**Assigned task**
Using the data below, print exactly the line with "二区本期选号首先考虑冷号14", the line with "CLUBSIDE AT PGA", and every line between them, but none of the pictures.

**The data**
-.-.-
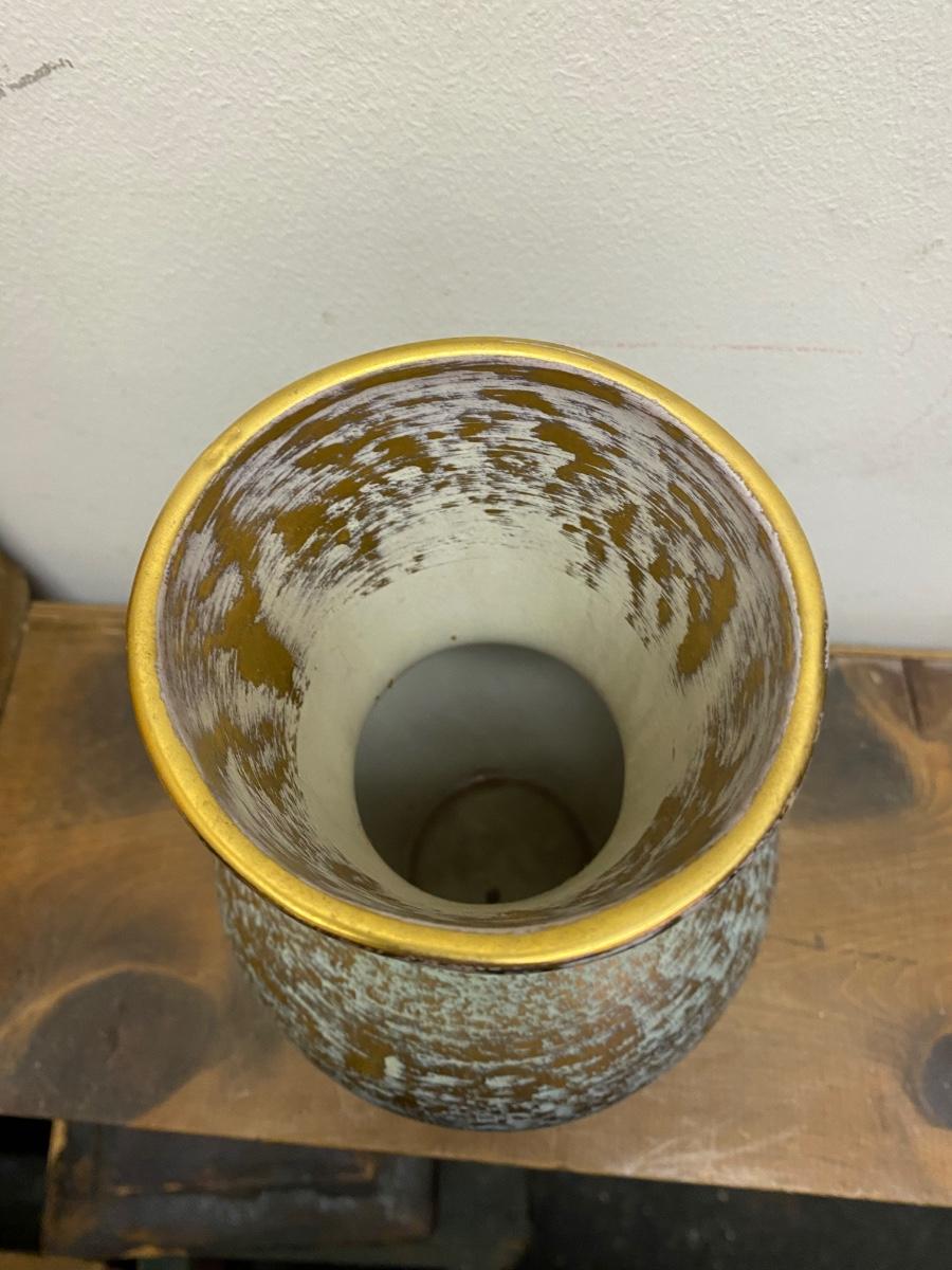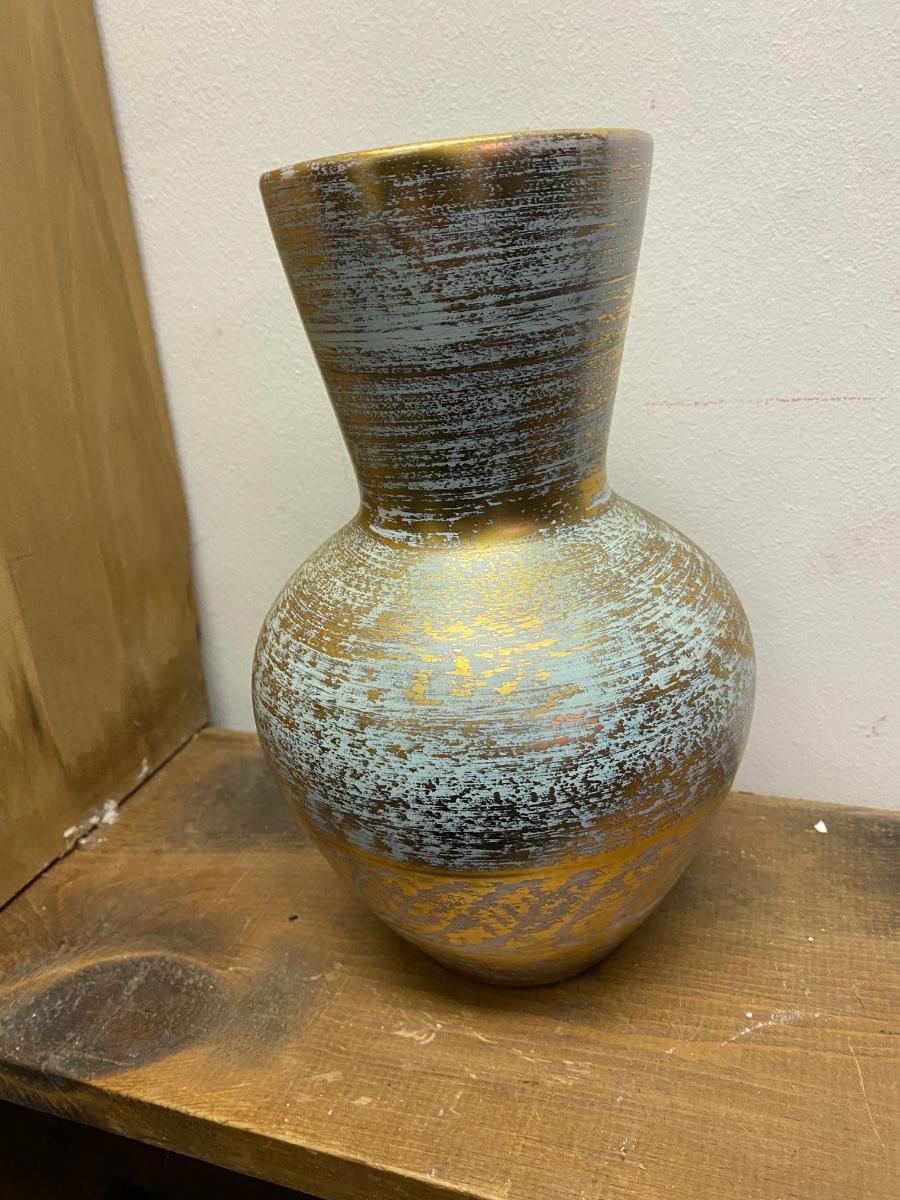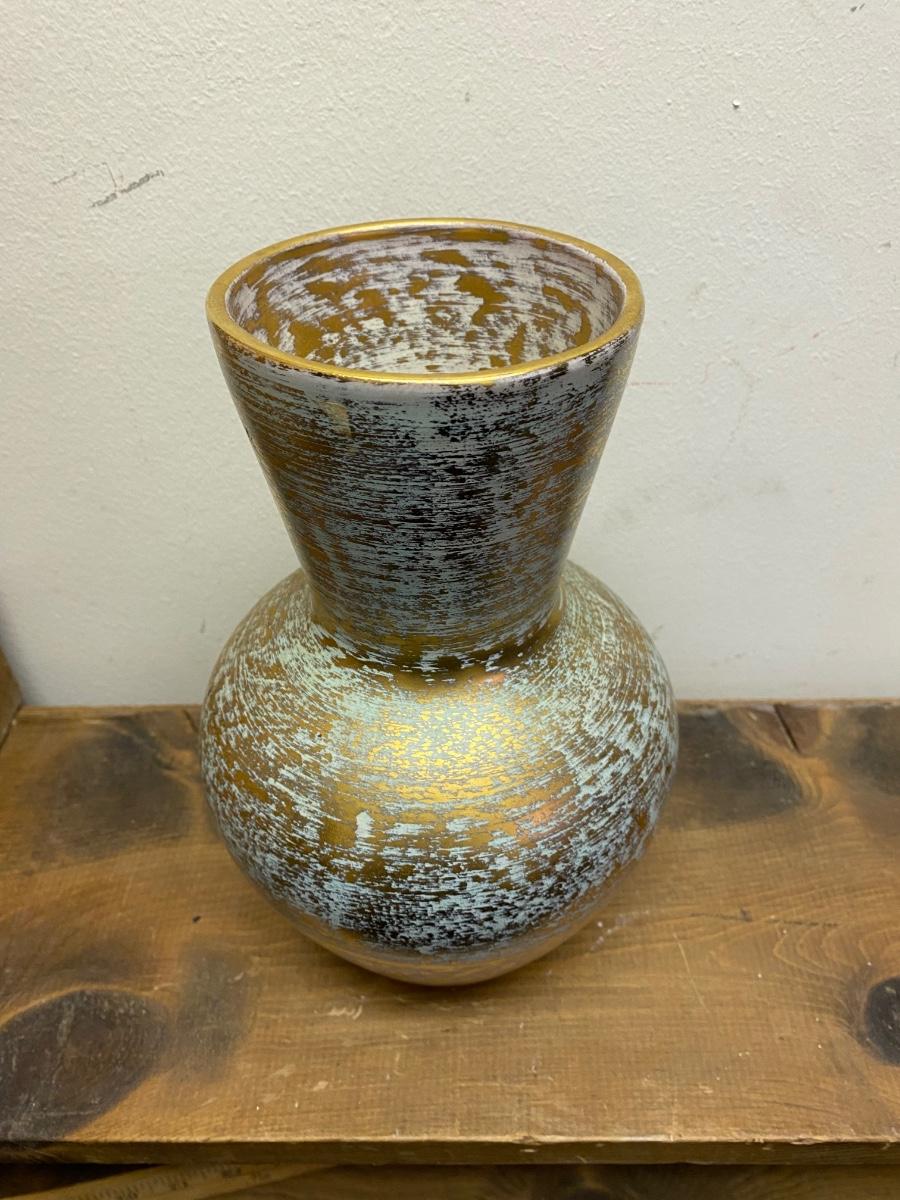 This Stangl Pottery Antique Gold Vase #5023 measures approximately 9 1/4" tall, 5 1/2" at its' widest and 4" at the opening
-.-.-
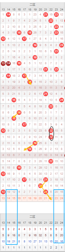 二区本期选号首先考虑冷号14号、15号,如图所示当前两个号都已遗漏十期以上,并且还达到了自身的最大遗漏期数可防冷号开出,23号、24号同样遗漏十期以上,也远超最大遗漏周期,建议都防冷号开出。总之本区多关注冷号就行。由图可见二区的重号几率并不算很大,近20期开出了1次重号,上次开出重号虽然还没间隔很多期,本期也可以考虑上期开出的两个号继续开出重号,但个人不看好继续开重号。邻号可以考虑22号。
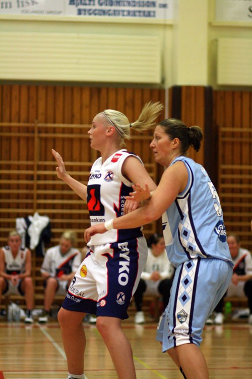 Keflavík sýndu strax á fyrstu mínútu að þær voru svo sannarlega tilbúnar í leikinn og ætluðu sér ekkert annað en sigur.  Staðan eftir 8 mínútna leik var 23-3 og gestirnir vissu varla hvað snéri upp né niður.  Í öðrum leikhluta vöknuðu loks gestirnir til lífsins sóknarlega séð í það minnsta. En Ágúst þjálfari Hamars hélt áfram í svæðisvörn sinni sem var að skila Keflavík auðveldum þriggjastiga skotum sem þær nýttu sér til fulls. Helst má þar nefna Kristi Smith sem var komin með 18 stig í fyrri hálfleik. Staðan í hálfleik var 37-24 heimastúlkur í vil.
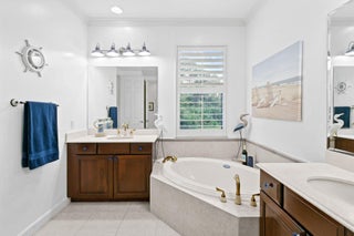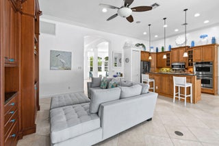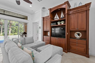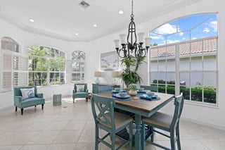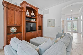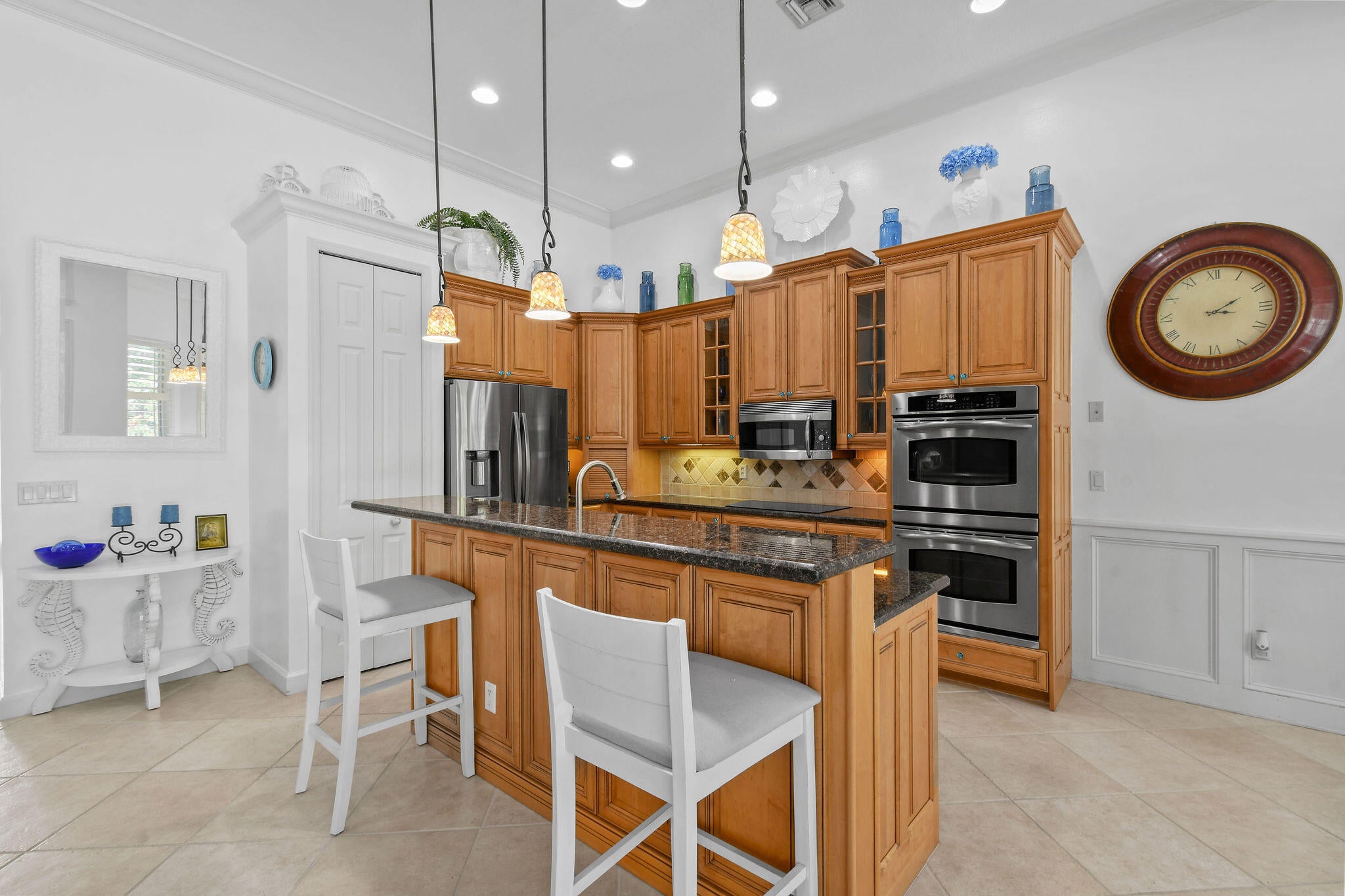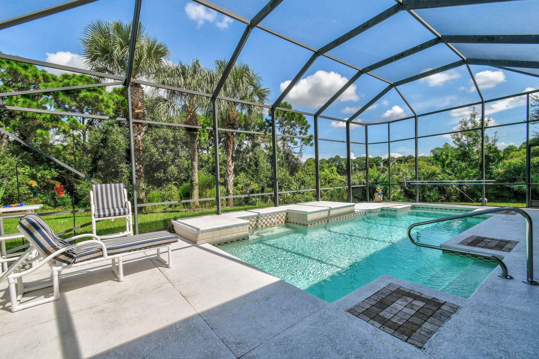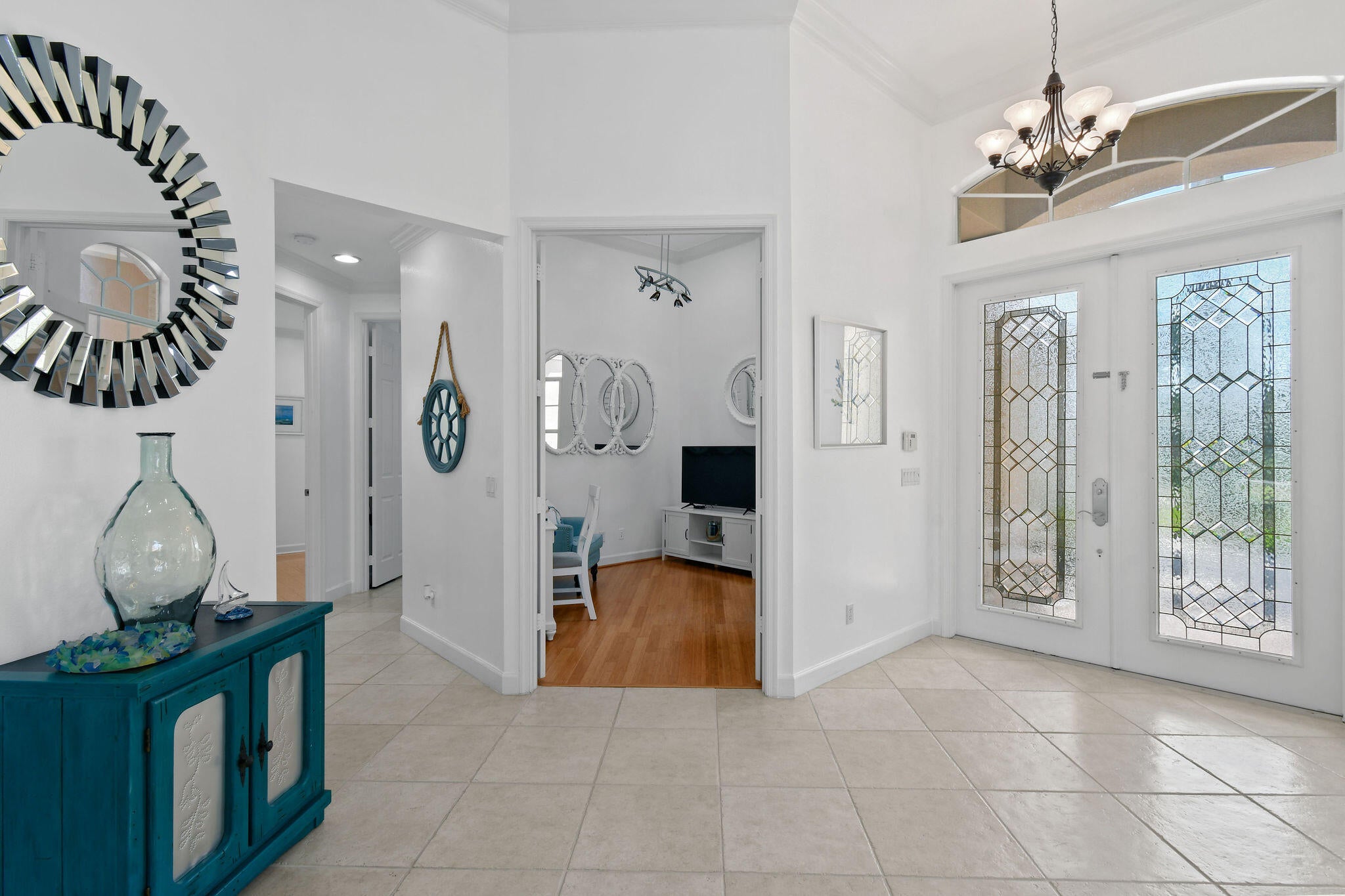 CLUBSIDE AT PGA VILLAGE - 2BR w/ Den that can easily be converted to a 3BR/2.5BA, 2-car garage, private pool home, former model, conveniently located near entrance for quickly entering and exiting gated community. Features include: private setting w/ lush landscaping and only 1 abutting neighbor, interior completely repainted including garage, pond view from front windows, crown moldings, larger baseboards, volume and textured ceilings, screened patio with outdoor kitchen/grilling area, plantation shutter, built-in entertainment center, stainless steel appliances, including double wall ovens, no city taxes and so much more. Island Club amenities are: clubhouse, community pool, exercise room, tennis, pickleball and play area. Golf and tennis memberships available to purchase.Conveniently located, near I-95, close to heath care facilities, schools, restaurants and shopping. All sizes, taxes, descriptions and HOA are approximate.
-.-.-
**Exercise result**
 二区本期选号首先考虑冷号14号、15号,如图所示当前两个号都已遗漏十期以上,并且还达到了自身的最大遗漏期数可防冷号开出,23号、24号同样遗漏十期以上,也远超最大遗漏周期,建议都防冷号开出。总之本区多关注冷号就行。由图可见二区的重号几率并不算很大,近20期开出了1次重号,上次开出重号虽然还没间隔很多期,本期也可以考虑上期开出的两个号继续开出重号,但个人不看好继续开重号。邻号可以考虑22号。
 Keflavík sýndu strax á fyrstu mínútu að þær voru svo sannarlega tilbúnar í leikinn og ætluðu sér ekkert annað en sigur.  Staðan eftir 8 mínútna leik var 23-3 og gestirnir vissu varla hvað snéri upp né niður.  Í öðrum leikhluta vöknuðu loks gestirnir til lífsins sóknarlega séð í það minnsta. En Ágúst þjálfari Hamars hélt áfram í svæðisvörn sinni sem var að skila Keflavík auðveldum þriggjastiga skotum sem þær nýttu sér til fulls. Helst má þar nefna Kristi Smith sem var komin með 18 stig í fyrri hálfleik. Staðan í hálfleik var 37-24 heimastúlkur í vil.
 CLUBSIDE AT PGA VILLAGE - 2BR w/ Den that can easily be converted to a 3BR/2.5BA, 2-car garage, private pool home, former model, conveniently located near entrance for quickly entering and exiting gated community. Features include: private setting w/ lush landscaping and only 1 abutting neighbor, interior completely repainted including garage, pond view from front windows, crown moldings, larger baseboards, volume and textured ceilings, screened patio with outdoor kitchen/grilling area, plantation shutter, built-in entertainment center, stainless steel appliances, including double wall ovens, no city taxes and so much more. Island Club amenities are: clubhouse, community pool, exercise room, tennis, pickleball and play area. Golf and tennis memberships available to purchase.Conveniently located, near I-95, close to heath care facilities, schools, restaurants and shopping. All sizes, taxes, descriptions and HOA are approximate.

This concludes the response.